Aber es gibt durchaus Sportarten, die im Fernsehen viel spannender als in der Realität sind. Dazu gehören jene, wo das Fernsehen durch besondere Kameraeinstellungen den Zuschauer in die Rolle des Spielenden versetzt, wie z.B. beim Snooker. Ich schätze, dass die Anwendungen von Google Glass auch genau den gleichen Effekt haben werden.
Wo es viele Zuschauern gibt, wird es auch Wetten geben. Dort gewinnt, wer das Ergebnis voraussagen kann. Damit kommt eine neue Qualität ins Spiel und weil es um Geld geht, natürlich auch eine neue Versuchung zum Betrügen. Ich wette trotzdem gerne (um kleine Beträge, wie z.B. einen Kaffee oder einen Euro), weil es die Beobachtung schärft.
Mein Spielverhalten hat sich im Laufe des Lebens immer wieder verändert. Am Beginn standen "Soziale Anerkennung" im Mittelpunkt, später Kontakte, dann Kindererziehung. Ich habe mit meinen Kindern ebenfalls wieder - so wie meine Eltern mit mir - viel gespielt.
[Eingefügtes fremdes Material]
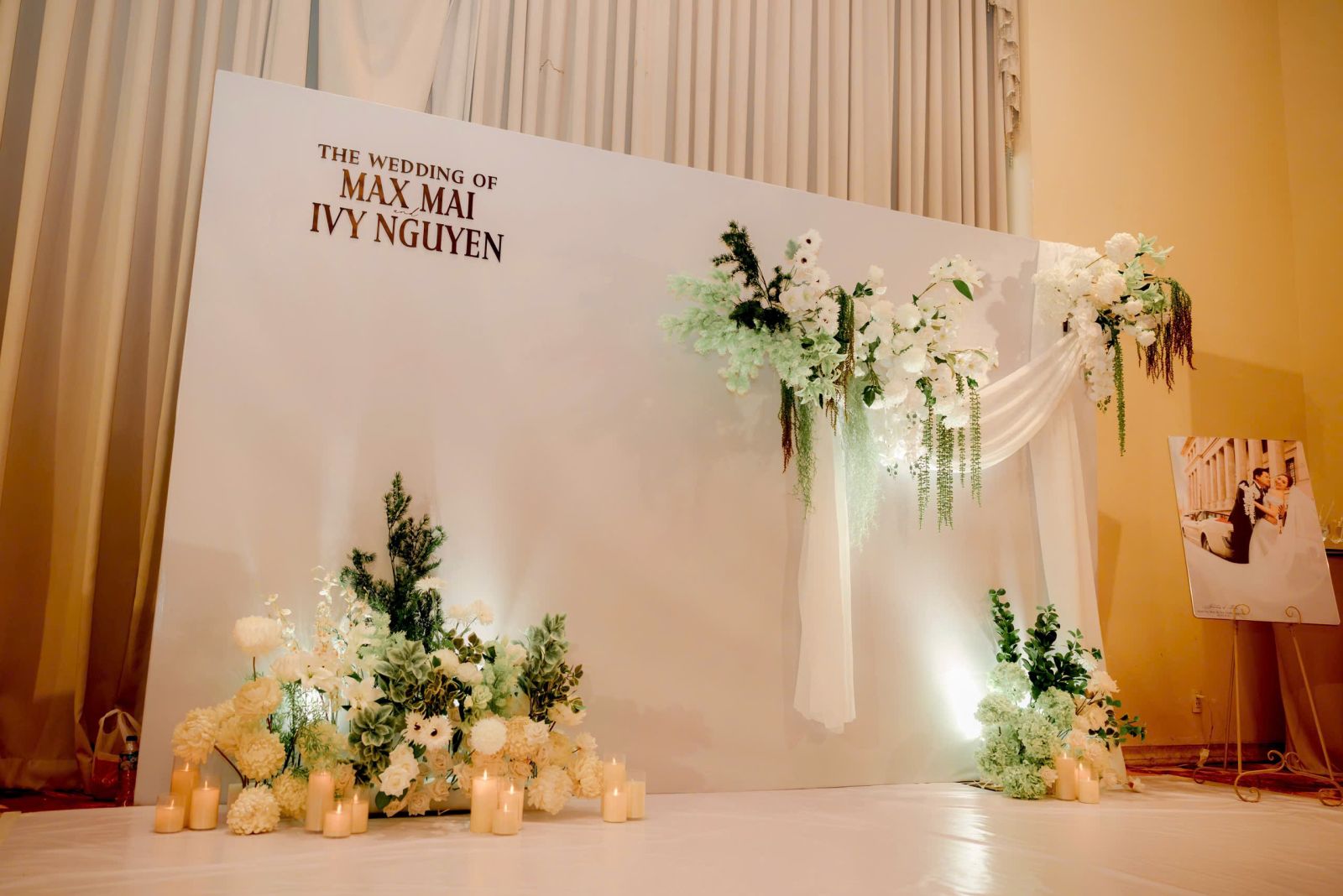 - Đôi khi chỉ cần biến tấu nhẹ một chi tiết nhỏ (màu hoa, chất liệu backdrop, font chữ bảng tên...) là đã đủ mang hơi thở mới mẻ cho không gian cưới

Natürlich dann mit anderen Spielmitteln, vor allem mit dem Computer. Und so ist es nicht verwunderlich, dass zwei meiner drei Kinder heute als Erwachsene mit IT Berufen ihr Geld verdienen.
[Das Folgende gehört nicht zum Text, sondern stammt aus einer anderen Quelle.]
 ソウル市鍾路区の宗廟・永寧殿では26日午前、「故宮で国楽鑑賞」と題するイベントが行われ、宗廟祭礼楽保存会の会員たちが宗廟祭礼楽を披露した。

So etwa mit 40 Jahren wurden Vorgänge in der Politik und in der Wirtschaft zu meinen Lieblingsbeobachtungen. Dort ging es neben Geld immer auch um Macht und ich habe als geschickter Spieler über viele Jahre alle meine Urlaube über Gewinne an der Börse gut finanzieren können.
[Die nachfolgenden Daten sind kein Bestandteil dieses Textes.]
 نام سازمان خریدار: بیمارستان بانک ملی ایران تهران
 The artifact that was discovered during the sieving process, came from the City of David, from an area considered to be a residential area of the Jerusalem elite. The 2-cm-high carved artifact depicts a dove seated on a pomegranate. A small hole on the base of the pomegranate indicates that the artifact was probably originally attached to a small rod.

Mit Aktien spiele ich nicht mehr, im Alter ist dies zu riskant, aber kleine Wetten auf die Politik mache ich immer noch gerne. Es verändert zwar nichts, aber es macht Spass im Alltag.
Rückblickend haben Spiele verschiedenster Art mein Leben sehr bereichert:
Sie haben mir Selbstvertrauen gegeben.
Ich habe viel Freude daran gehabt.
Ich konnte die Freude mit vielen Menschen teilen.
Sie haben mich gelehrt, gut zu beobachten und das Gedächtnis zu trainieren.
Es war mir nur selten langweilig.
Spiele können Lern- und Erfolgserlebnisse ohne großes Risiko schaffen. Sie vereinen oft große Freiheit mit großer Sicherheit, mit einem Wort, es sind paradiesische Zustände. Ihre potenzielle Gefahr liegt in der Übertreibung, in der Maßlosigkeit, im Rausch, den sie verursachen können und in der Sucht, die sie damit einleiten können und die tatsächlich zerstörerisch sein kann.
Auf meinem Computer sind heute keine Spiele mehr installiert. Brett- und Kartenspiele habe ich an Kinder verschenkt. Sollte die Sehnsucht danach wieder aufkommen, dann spiele ich einfach mit meiner Gitarre. Sie bietet, wie viele andere Musikinstrumente, ein unendliches Betätigungsfeld und immer neue Herausforderungen. Und wer musiziert, ist nie allein.